# Finding Bottles



## Lonewolf (Feb 14, 2009)

I'm new to the site, but thought I would pass this along. Maybe someone has already posted this. Here in Iowa all of our bottles and cans go to redemption centers. You can go to these centers and buy back wine bottles. I don't know if other states have these or if they have recycling centers. I just purchased 200 bottles for $12.00. It's a great deal and the ones in our area, will let you pick out the type and color you want.


----------



## Tom (Feb 14, 2009)

Good Deal !









I don't have deposit where I live so I must buy



bottles. We do however recycle





Another option is stop at a BYOB/W restaurent and pick thru the recycle. Also let all your friends know you are looking for bottles. You will be surprised how many of your friends drink wine.


----------



## NorthernWinos (Feb 14, 2009)

Welcome Lonewolf....Nice to have you here and already sharing your secrets...WOW!!! 200/$12...Awesome.....

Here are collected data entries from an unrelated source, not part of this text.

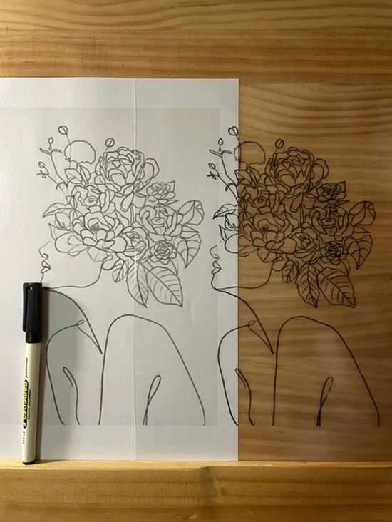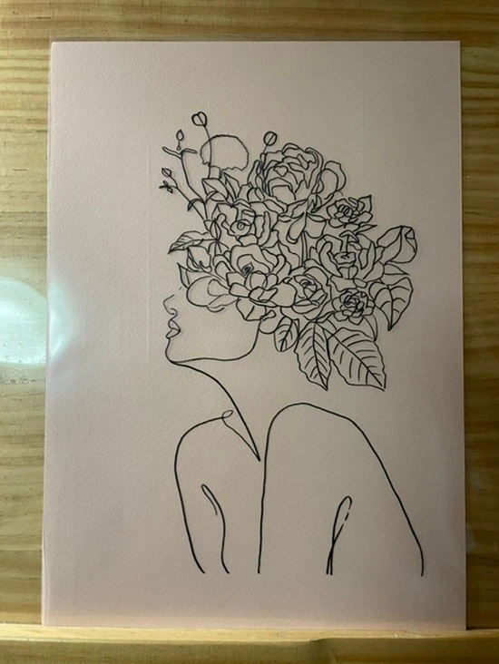 핀터레스트에서 참고 그림을 고르다가 아이디어가 번뜩 일어난 거다. 대놓고 베껴그리는 트레이싱 기법인데, 준비물은 클리어 파일 홀더와 네임펜만 있으면 됐다. 라인 드로잉은 선의 강약이 포인트라 선을 따라 그리며 그 섬세함을 표현했다.
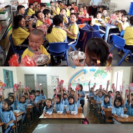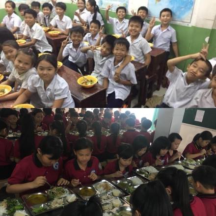 (2) Cung cấp suất ăn dinh dưỡng cho học sinh nghèo (Hiện đang lo cơm trưa vào các ngày thứ Hai, Tư, Sáu cho khoảng 400 học sinh của các Trường tình thương: Vĩnh Hội (Quận 4), Chợ Quán (Quận 5) và Tân Hưng (Quận 7).
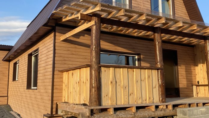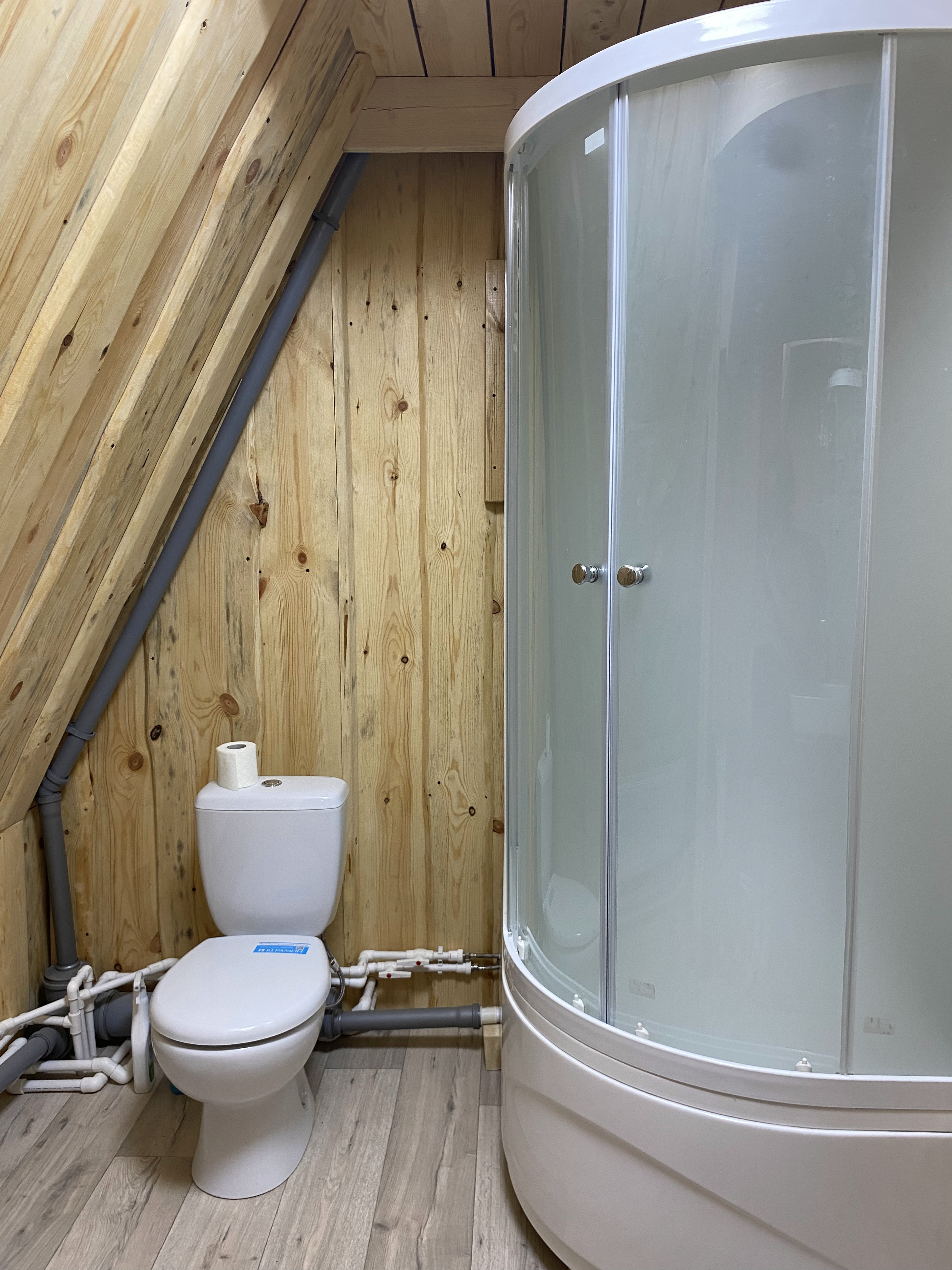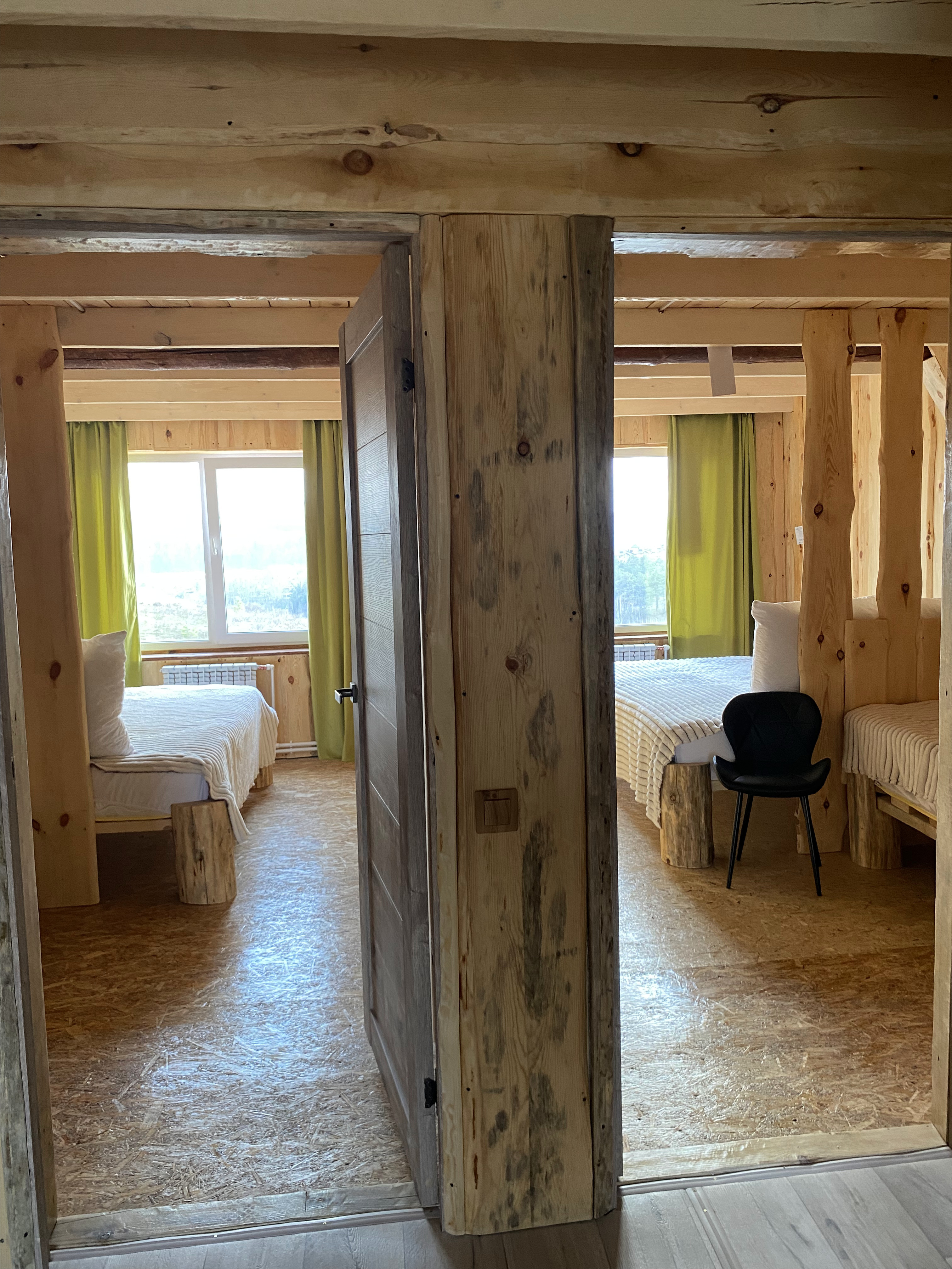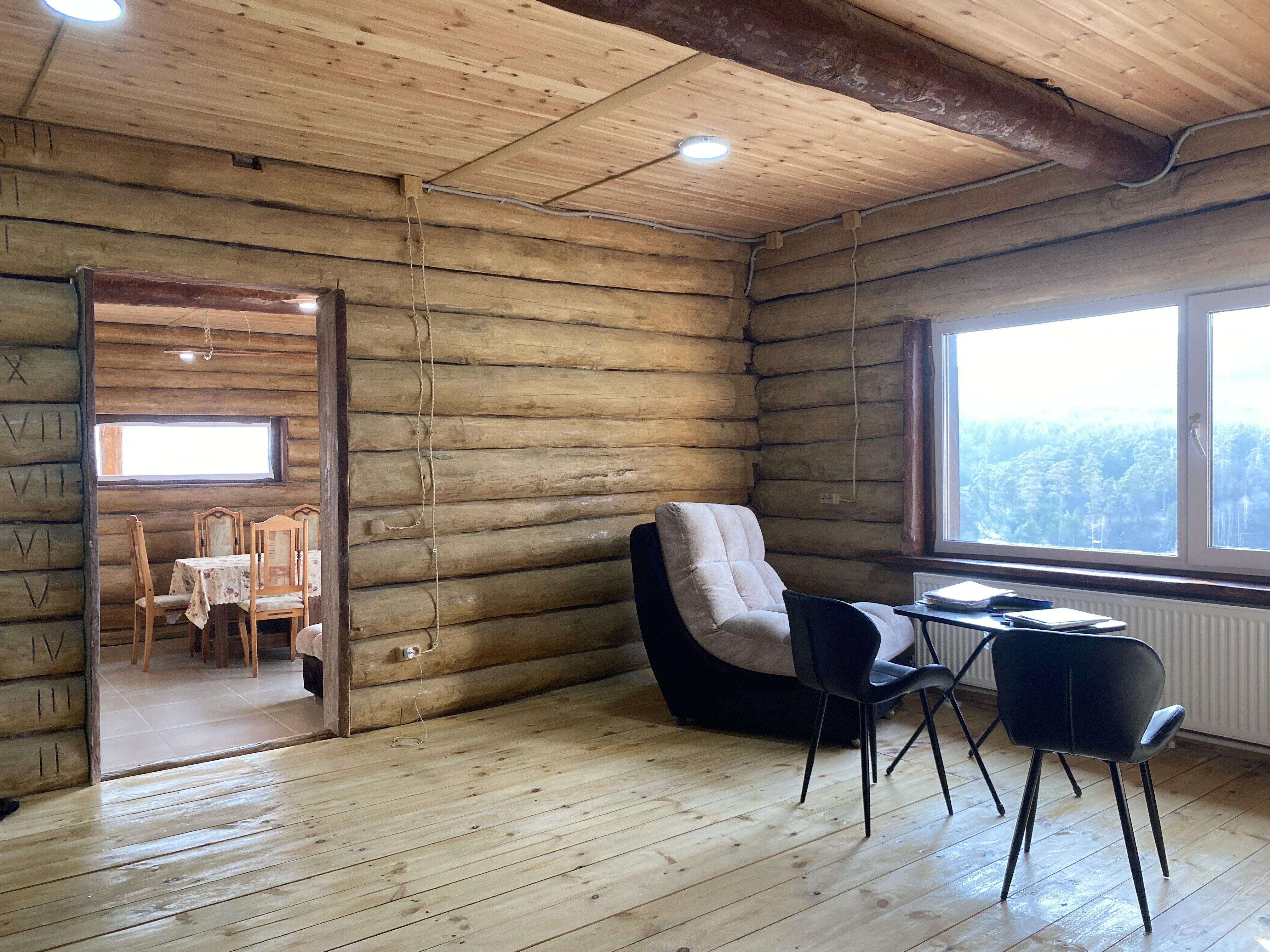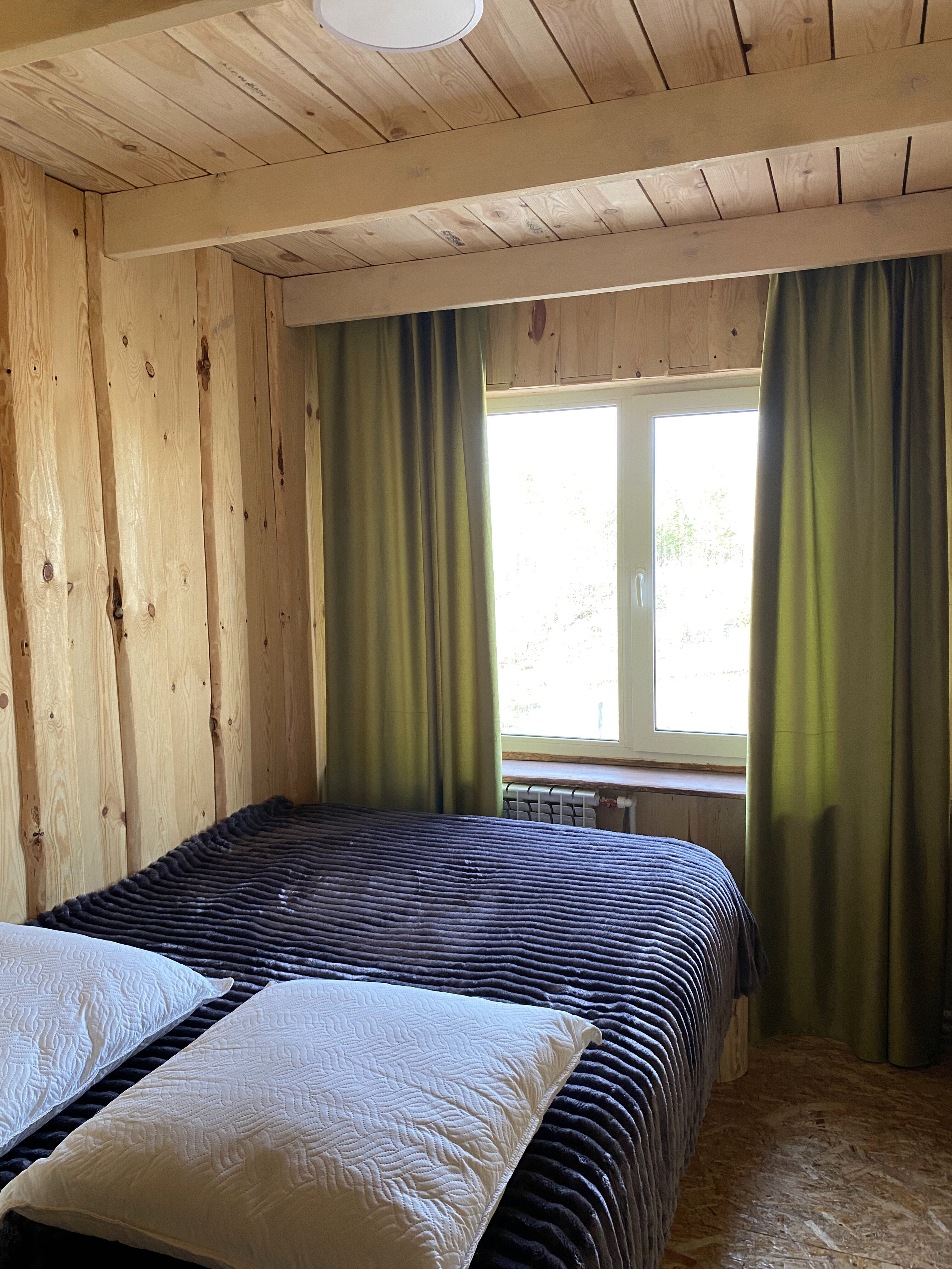 Теперь о самом доме. Дом деревянный, просторный, теплый уютный. На первом этаже гостиная, комната отдыха, сауна, сан узел. На втором этаже три спальни. В двух спальнях стоят двуспальная и односпальная кровати, в третьей двуспальная кровать. И просторная ванная комната с душевой кабиной.

What wines are you going to fill them with???? I see you have made some kits and a problematic Strawberry Wine. 

No centers like that around here....

Once a friend [Mr. Pelican] got 200 bottles for us from a supper club...we had to drive down there and they filled our car...thought that was great...just the cost of gas and a case of wine...Was quite a load....If we would have gotten stopped it would have been an interesting talk with a Trooper about 'empty containers'.


----------



## Lonewolf (Feb 14, 2009)

I have a WE - Luna Bianca and Australian Shiraz Clearing and a Blueberry Just finished Secondary.


----------



## hannabarn (Feb 14, 2009)

We have a Township Recycling center and they will save bottles for me any time I ask them to! In fact, today I asked them to save some for me and they will. They say it is better than smashing them and this is true recycling!! It costs me a few bottles of wine! I wouldn't really have to do that but it creates good will!!!!


----------



## Wade E (Feb 14, 2009)

I get them for free like hanna but also throw a few bottles full at them. I call them at around 8:30 am and show up around 2:30 and see that they have saved around 120 bottles for me. i have to sort out the screw tops which usually add up to around 20 but hose #'s are slowly creeping up. I can do this every Sat if I wanted to. Wish you all had this resource! I know someone on this forum that has us all beat though, Jobe!!!!!!!!!!!!!!!


----------



## Bailey (Feb 15, 2009)

If your town has a "Freecycle" forum that's a great place to look too. My first posting landed me 80 bottles free for the pick-up. 

In my ad I did play on their environmental sensibilities with something like "Keep that glass out of the landfill, save the energy of crushing and recycling them too" - worked for me..... until those are all full.


----------



## Jeff D (Feb 16, 2009)

If you have any local wineries there a great place to get bottles. They will normally save there tasting bottles as long as you don't wait to long to pick them up.


----------



## moto-girl (Feb 16, 2009)

My brother just picked up 8 cases of empties for us at a wine shop. They had a tasting, saved the empties, and advertised them on craigslist. I'm very thankful for the bottles but rather sad I missed out on the tasting, It must have really been something!


----------



## Jeff D (Feb 18, 2009)

http://www.coloradowinefest.com/


We work the wine fest here in Grand Junction every year. If your anywhere near an event like this you can pick up a truck load of bottles. Last year there were 40 wineries represented and from 11 AM until 5 PM all we do is poor wine. They bring in a roll off dumpster's and one of them is reserved for bottles, there was around 10,000 lbs of empties.


----------